Es poco probable que la población humana hubiera podido jamás llegar a su magnitud actual si no hubiera contado con la energía que proporcionan los combustibles fósiles. A su vez, las necesidades de la población en aumento han ofrecido un mercado cada vez mayor a la exploración y la producción de dichos combustibles59.

Emisiones mundiales de CO2, 1995-1997

Emisiones mundiales de CO2 según diferentes hipótesis sobre población y tecnología, 1990-2100

El cambio climático tendrá graves efectos. El Grupo Intergubernamental de Expertos sobre Cambios Climáticos (IPCC) estima que en los próximos 100 años, la atmósfera terrestre se calentará unos 5,8 grados centígrados, a una velocidad no igualada en los últimos 10.000 años60. Según las proyecciones futuras de "la mejor estimación" del IPCC, hacia 2100 el nivel del mar aumentará aproximadamente medio metro (con un margen de variación de entre 15 centímetros y 95 centímetros), aumento sustancialmente mayor que el ocurrido en el último siglo61.

Entre los efectos humanos y ecológicos del aumento del nivel de los océanos figuran el aumento de las inundaciones, la erosión de zonas costeras, la salinación de acuíferos y la pérdida de tierras de cultivo costeras, marismas y espacio vital.
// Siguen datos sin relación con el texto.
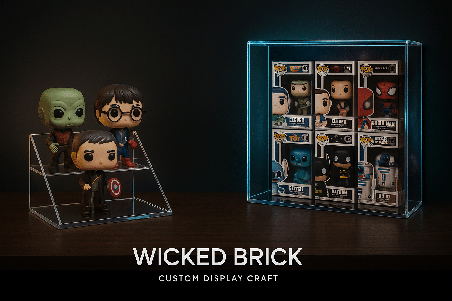 Specializes in bespoke display cases, stands, and podiums for Funko Pops using clear acrylic or Perspex.
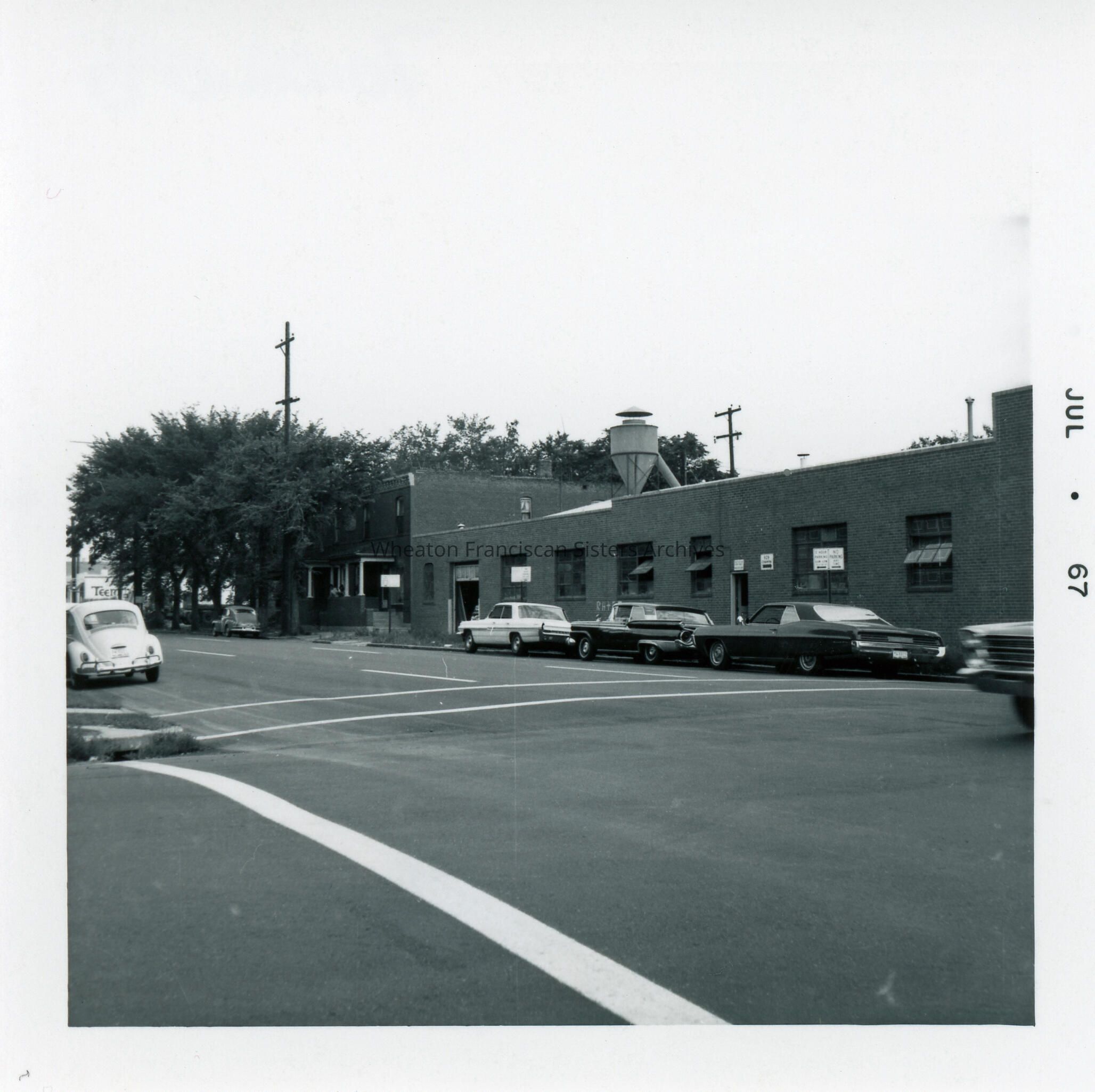 Property near the St. Rose Residence located at 952 10th Street in Denver, Colorado. A home for young working women, this image was taken around the time of its closure and features buildings on Champa Street. At different times, this location was known as St. Clara's Convent, St. Rose's Convent, St. Rosa's Home and was once the site of St. Clara's Orphanage.

También es posible que aumenten la intensidad y la frecuencia de los huracanes y otros peligros climáticos, incrementando los riesgos que corren las crecientes poblaciones radicadas en las zonas costeras62.

El aumento de las temperaturas de la superficie terrestre y los cambios en la magnitud, la intensidad y la distribución geográfica de las precipitaciones pluviales podrían muy bien reconformar el mapa de los recursos renovables del mundo. Afecten o no esos cambios climáticos la cuantía neta de la producción agrícola del mundo, hay una certeza casi completa de que desplazarán la productividad entre distintas regiones y distintos países, así como dentro de un mismo país63.

Por ejemplo, según recientes proyecciones, aun cuando tal vez no disminuya el total de la producción agrícola en los Estados Unidos, algunas regiones del país probablemente sufrirán mucho en comparación con otras, como resultado de los cambios en los regímenes de precipitaciones y temperaturas64. Las políticas relativas al cambio climático deben abordar el cambiante destino regional y nacional, así como los efectos económicos y biológicos en todo el mundo65.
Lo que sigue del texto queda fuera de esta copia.